Background: Antibiotics are frequently prescribed at the end of life, though the benefits and harms are not well understood.
Methods: We abstracted relevant findings from articles published in English in the past 25 years to answer questions generated by discussion among the authors and with stakeholders in Palliative Care and Infectious Diseases.
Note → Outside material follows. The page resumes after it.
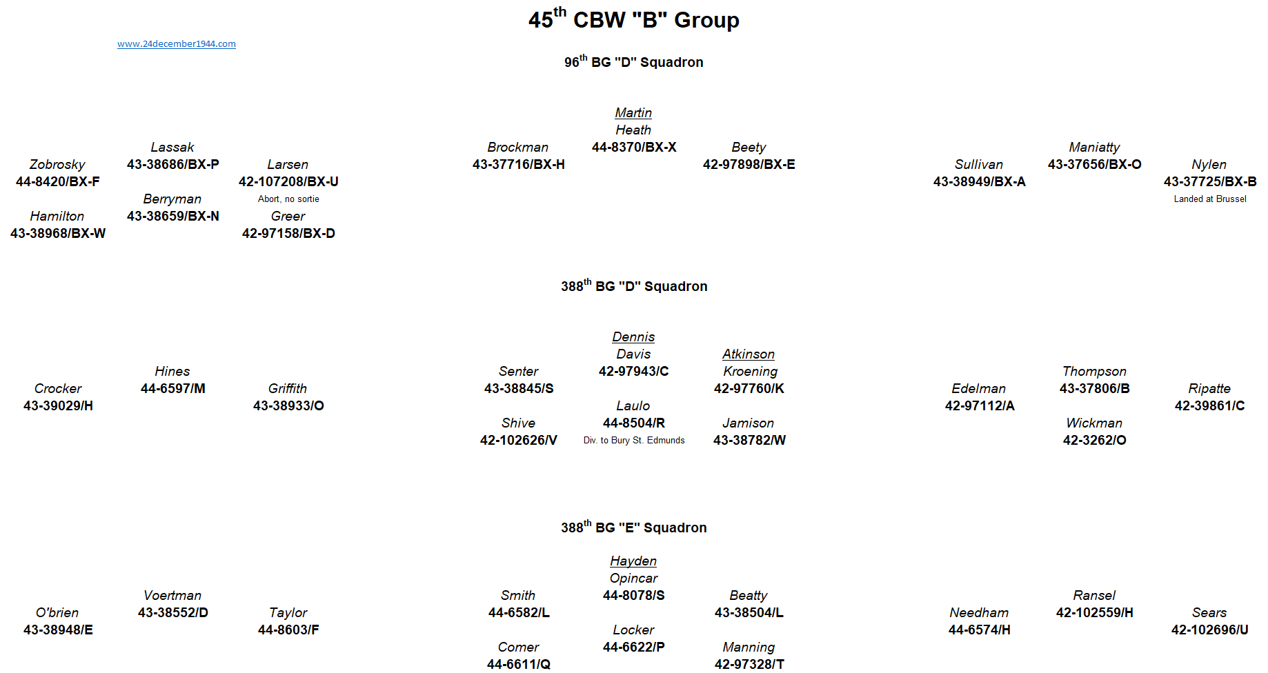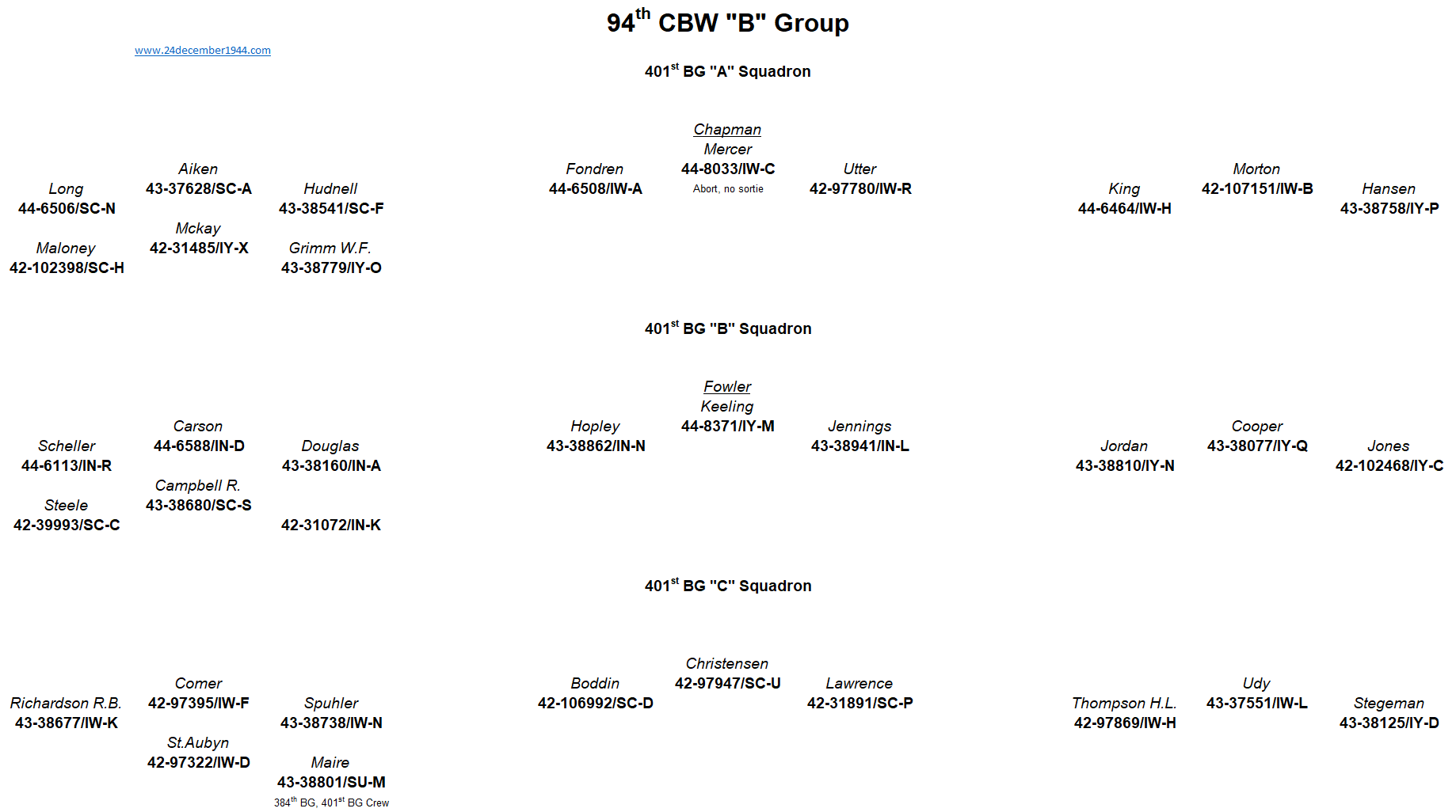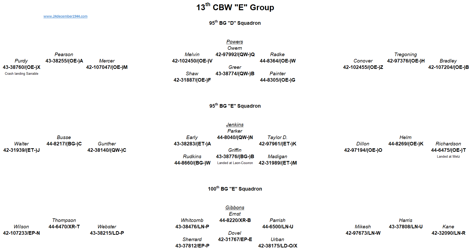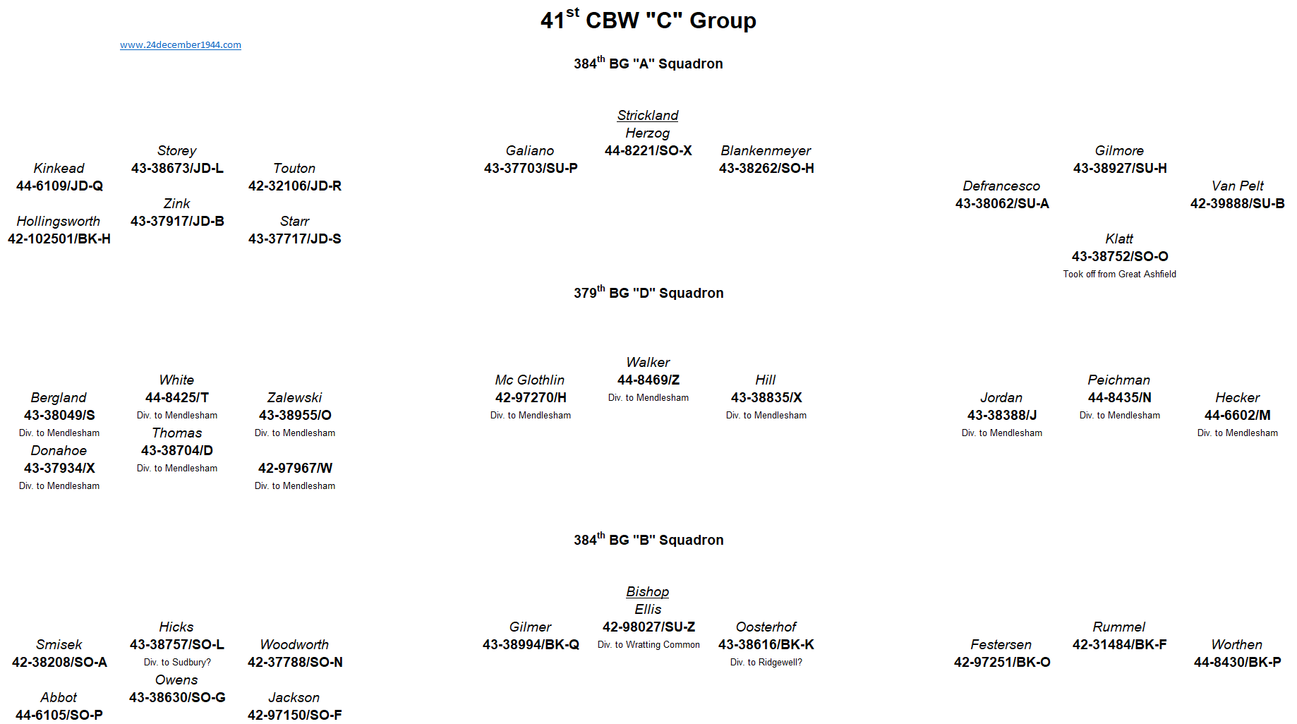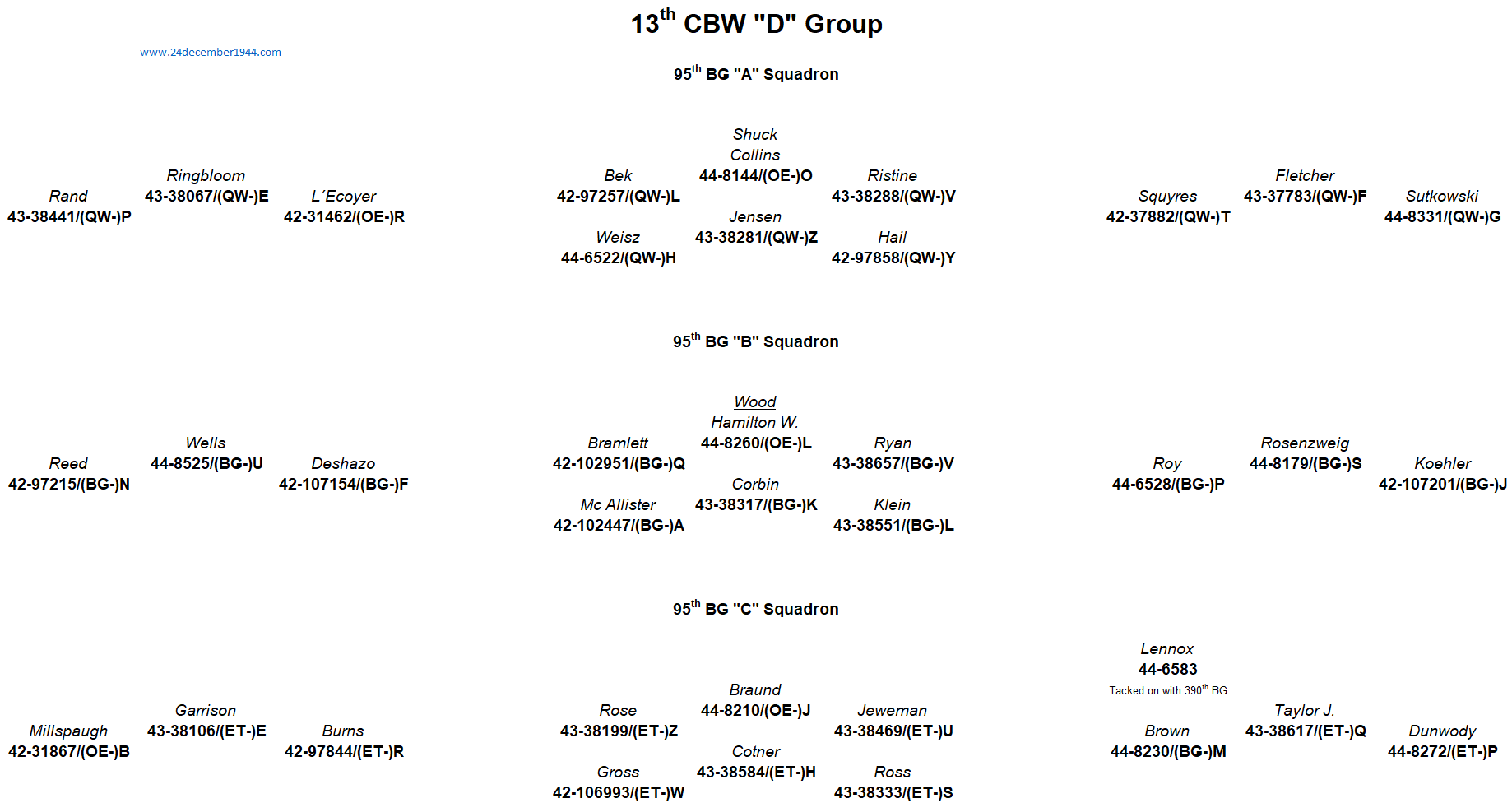 91st BG, 92nd BG, 303rd BG, 305th BG, 306th BG, 351st BG, 379th BG, 381st BG, 384th BG, 398th BG,401st BG, 457th BG.

Findings: Prescribing practices vary based on individual situation and geographic location. Patients with cancer and those hospitalized receive more antibiotics than those enrolled in outpatient hospice. Urinary tract infections and pulmonary infections are the most common conditions treated with antibiotics at the end of life -most often with penicillin derivatives and vancomycin in the hospital, fluoroquinolones in outpatient, and cephalosporins in both settings. When asked, patients most often prefer limiting antibiotics to symptom management at the end of life. Physicians' over-estimation of patient preference for antibiotics and the increased probability of misdiagnosis increases antibiotic prescription rates. Antibiotics can improve symptoms when used for specific diseases at the cost of drug reactions, resistant organisms, and delayed discharge. Antibiotic use has variable results on survival duration. Antimicrobial stewardship exists in hospital and long-term care facilities, but not outpatient hospice groups. Stewardship interventions could increase proper use of antibiotics, but more information is needed to apply these interventions to hospice groups.
Conclusions: Antibiotics at the end of life are impactful and efforts to educate patients and providers will be invaluable in optimizing care.
Keywords: antimicrobial stewardship; cancer; hospice; palliative.